If there was material, nonpublic information provided at the briefings, then it likely will not be enough for Burr just to claim he relied on other, public information when making the trades. Under SEC Rule 10b5-1, if a person possesses material, nonpublic information at the time of a purchase or sale of a security, there is a presumption that the trade was based on that information. The purchaser can rebut that presumption, but only by showing that there was a pre-existing, written plan or order to sell the stocks that predates the receipt of the nonpublic information. Absent such a pre-existing order, a Member or staffer will be presumed to have relied upon any material nonpublic information received when making a trade.

A related issue will be whether the Member or other individual who received the information actually ordered the trades in question. Senator Kelly Loeffler, for example, has claimed on Twitter that she does not make decisions about her stock trades and that those decisions are made by third-party advisors without her input. Senator Diane Feinstein has claimed that her stocks are held in a blind trust and that this particular trade was made in her husband’s account, and so any trades were made without her knowledge or participation. If trues, these would be defenses to any claim of insider trading.

One question raised by Senator Loeffler’s defense is whether she had any communications with those “third party advisors” where she shared information learned during the briefings. She may not make the decisions herself, but if she passed along material, nonpublic information and her advisors traded on that information then she could still be liable for insider trading as a “tipper” or for aiding and abetting. The same would be true if she passed the information to her husband, who happens to be Chairman of the New York Stock Exchange, and he then relied on that information to trade or to direct others to trade on their behalf.

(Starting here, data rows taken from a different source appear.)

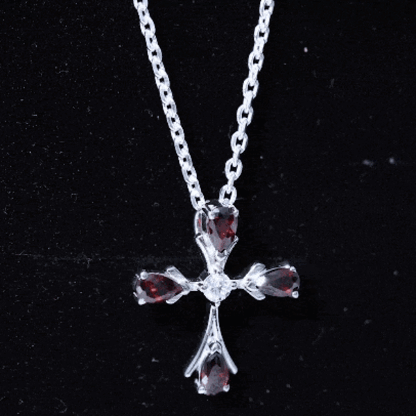 Real Garnet Designer Cross Necklace with Silver Chain
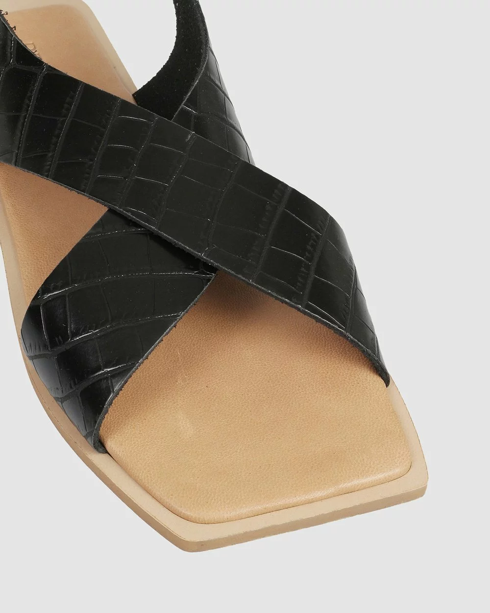 The Piera Sandals by Beau Coops are crafted in Italy with the finest of leathers. The upper is made up of two cross over straps with a buckle fastening on the back strap that can be easily adjusted to provide comfort. The sole features a square toe and heel shape to give these sandals the latest look for this season. A contemporary look to give any summer outfit that complete look.
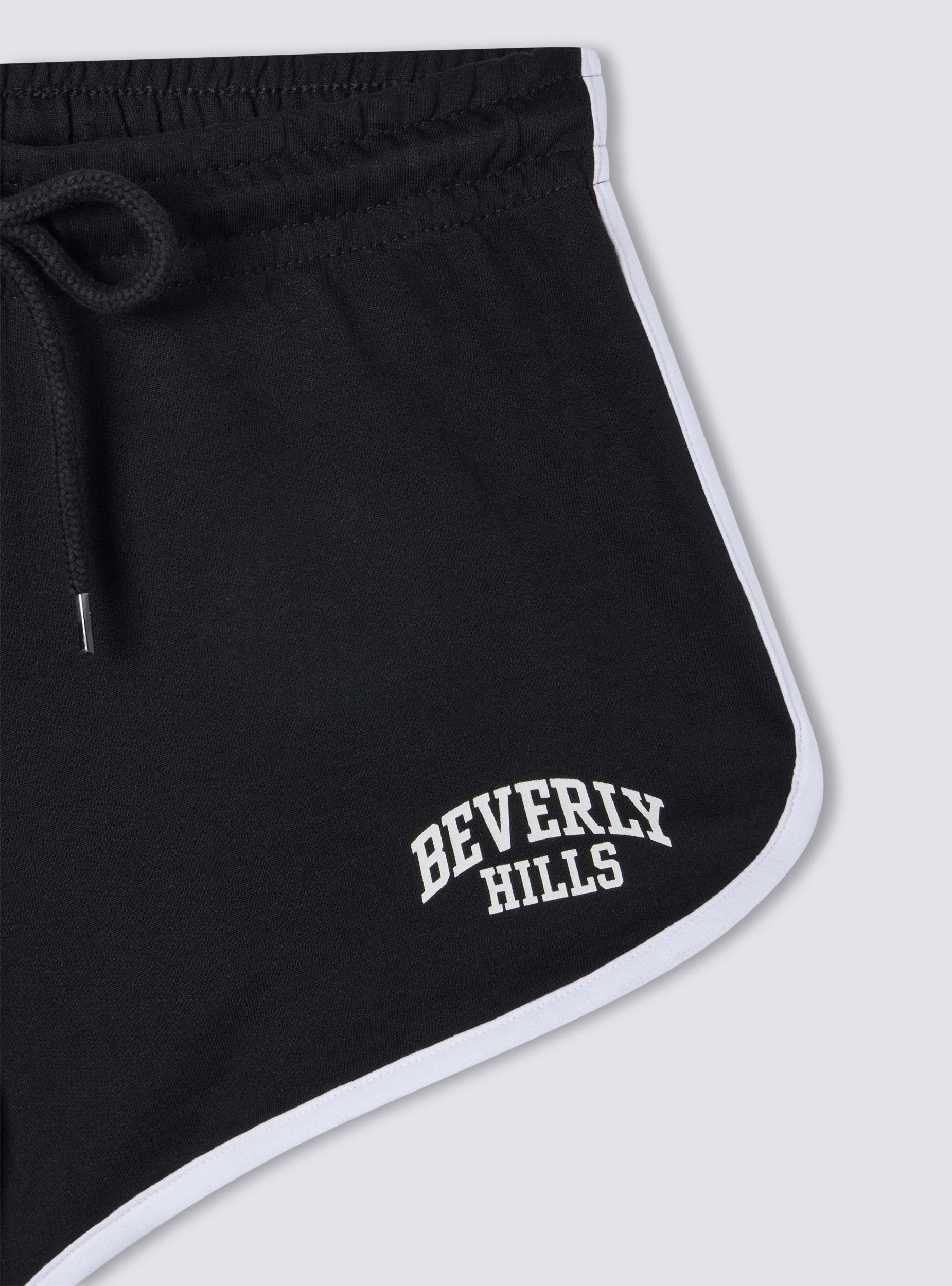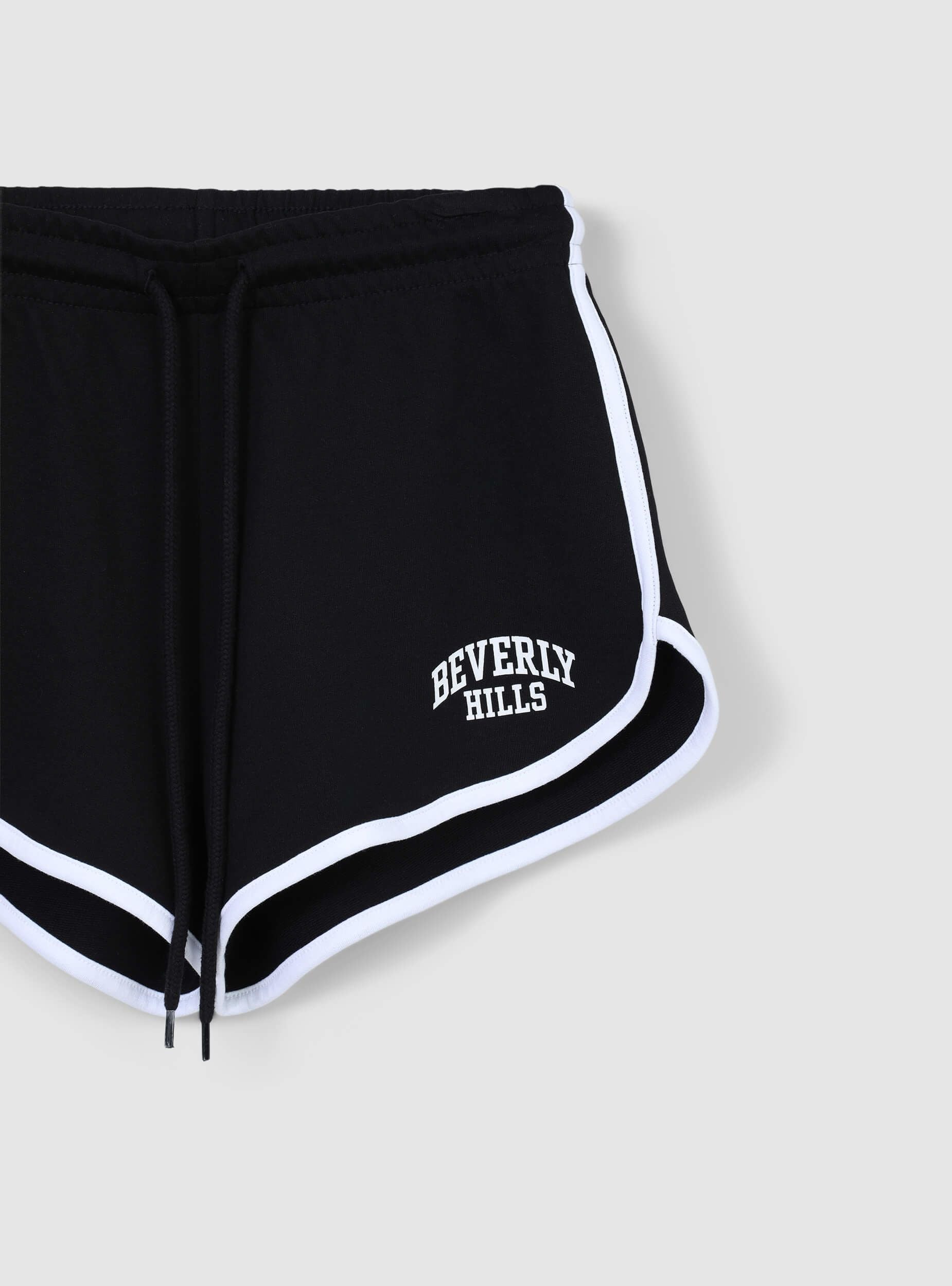 Pantaloncini da donna leggeri con un design sportivo e una stampa college sul davanti. Presentano una comoda coulisse in vita per regolarne la vestibilità e sono rifiniti con profili a contrasto che donano un tocco dinamico al look. Ideali per il tempo libero, questi pantaloncini offrono praticità e stile con un aspetto casual ma curato.

Representative Chris Collins

The Case of Representative Chris Collins

These allegations have led some to compare these Members of Congress to Representative Chris Collins, who was recently sentenced to 26 months in prison for insider trading. But the cases have almost nothing in common. Collins served on the board of a pharmaceutical company and sold stock in that company after receiving confidential information from the board chairman that a major drug trial had failed. The Collins case differs from these current allegations in two important respects. First, the inside information Collins gained was not as a result of his work on Capitol Hill. His status as a Congressman was irrelevant to his insider trading case, as was the STOCK Act. Collins could have been just any board member, trading on confidential information received from the chairman. And second, the information Collins received was specific to the one company in whose stock he subsequently traded – it wasn’t information about a potential overall market decline.

The Appropriate Remedy

These stock trades deserve to be investigated. Some certainly seem to violate the spirit of the STOCK Act. But given the issues described above, it seems unlikely that any will result in a criminal case. And a criminal remedy is not necessarily the answer; there are many possible consequences for these actions besides a criminal prosecution. The SEC may pursue civil insider trading charges, where the penalties may include fines and disgorging of profits. Other shareholders in companies that were dumped may sue for civil stock fraud. The Ethics Committees can explore the allegations and impose sanctions as well; Senator Burr, for example, has already requested an Ethic Committee investigation of his own stock trades. Members of Congress could face calls to resign, as some already have. And of course, voters have the ultimate political sanction at the ballot box for any offenders who run for re-election.

One good outcome would be for this scandal to lead to reforms that include a requirement that every Member of Congress hold their stocks and other assets in blind trust, with absolutely no control over investment decisions. Until that is the norm, allegations like this will continue to arise and there will always be suspicions that some Members are using the power of their office unfairly to line their own pockets. Such conduct may not always be criminal, but it’s always wrong.